Once the line containing "Вахтенный журнал для" is found, please copy it and all lines after it through the end of the records, exactly, leaving out pictures.
++++ Data for analysis
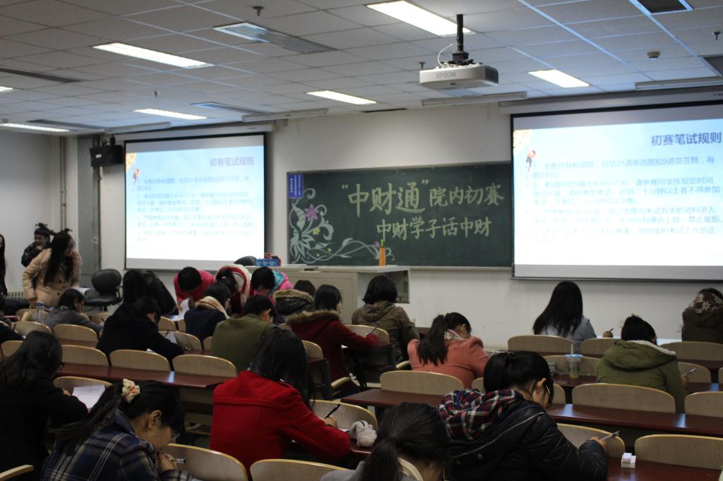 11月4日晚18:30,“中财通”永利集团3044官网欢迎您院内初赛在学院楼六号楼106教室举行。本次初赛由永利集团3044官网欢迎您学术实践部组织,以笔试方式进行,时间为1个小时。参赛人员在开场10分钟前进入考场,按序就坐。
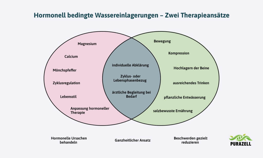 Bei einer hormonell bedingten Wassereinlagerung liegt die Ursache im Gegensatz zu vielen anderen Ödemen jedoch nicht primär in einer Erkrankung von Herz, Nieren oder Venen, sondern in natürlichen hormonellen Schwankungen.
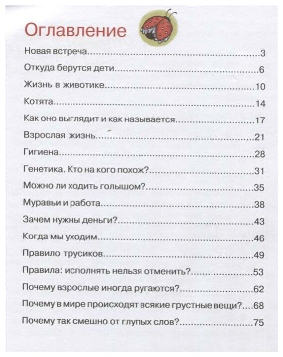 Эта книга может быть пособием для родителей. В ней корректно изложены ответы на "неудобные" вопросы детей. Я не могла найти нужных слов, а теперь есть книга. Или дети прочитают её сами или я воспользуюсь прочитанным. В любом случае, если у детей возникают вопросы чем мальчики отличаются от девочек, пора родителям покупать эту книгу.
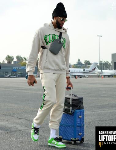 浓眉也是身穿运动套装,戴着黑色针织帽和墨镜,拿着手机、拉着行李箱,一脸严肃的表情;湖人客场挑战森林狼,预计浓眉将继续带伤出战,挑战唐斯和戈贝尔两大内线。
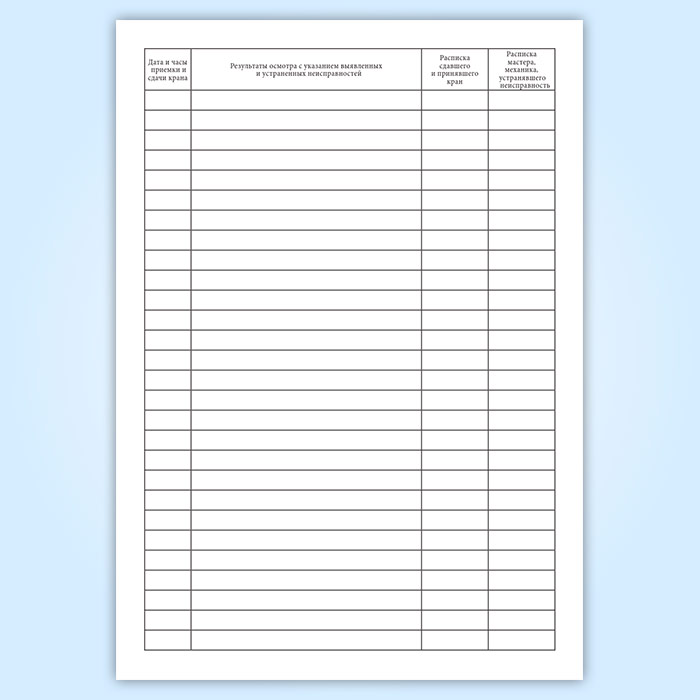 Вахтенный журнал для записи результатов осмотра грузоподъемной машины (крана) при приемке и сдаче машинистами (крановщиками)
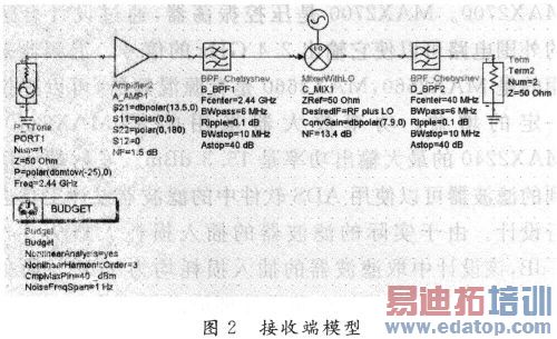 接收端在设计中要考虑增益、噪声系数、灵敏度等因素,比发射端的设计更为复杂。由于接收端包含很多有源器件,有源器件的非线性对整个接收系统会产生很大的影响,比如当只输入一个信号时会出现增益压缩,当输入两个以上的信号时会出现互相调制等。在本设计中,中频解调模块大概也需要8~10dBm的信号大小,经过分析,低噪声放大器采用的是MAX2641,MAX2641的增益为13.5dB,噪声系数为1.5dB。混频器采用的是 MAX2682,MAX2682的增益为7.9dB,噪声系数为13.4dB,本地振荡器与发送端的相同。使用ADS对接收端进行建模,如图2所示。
++++++++
## Exercise solution
 Вахтенный журнал для записи результатов осмотра грузоподъемной машины (крана) при приемке и сдаче машинистами (крановщиками)
 接收端在设计中要考虑增益、噪声系数、灵敏度等因素,比发射端的设计更为复杂。由于接收端包含很多有源器件,有源器件的非线性对整个接收系统会产生很大的影响,比如当只输入一个信号时会出现增益压缩,当输入两个以上的信号时会出现互相调制等。在本设计中,中频解调模块大概也需要8~10dBm的信号大小,经过分析,低噪声放大器采用的是MAX2641,MAX2641的增益为13.5dB,噪声系数为1.5dB。混频器采用的是 MAX2682,MAX2682的增益为7.9dB,噪声系数为13.4dB,本地振荡器与发送端的相同。使用ADS对接收端进行建模,如图2所示。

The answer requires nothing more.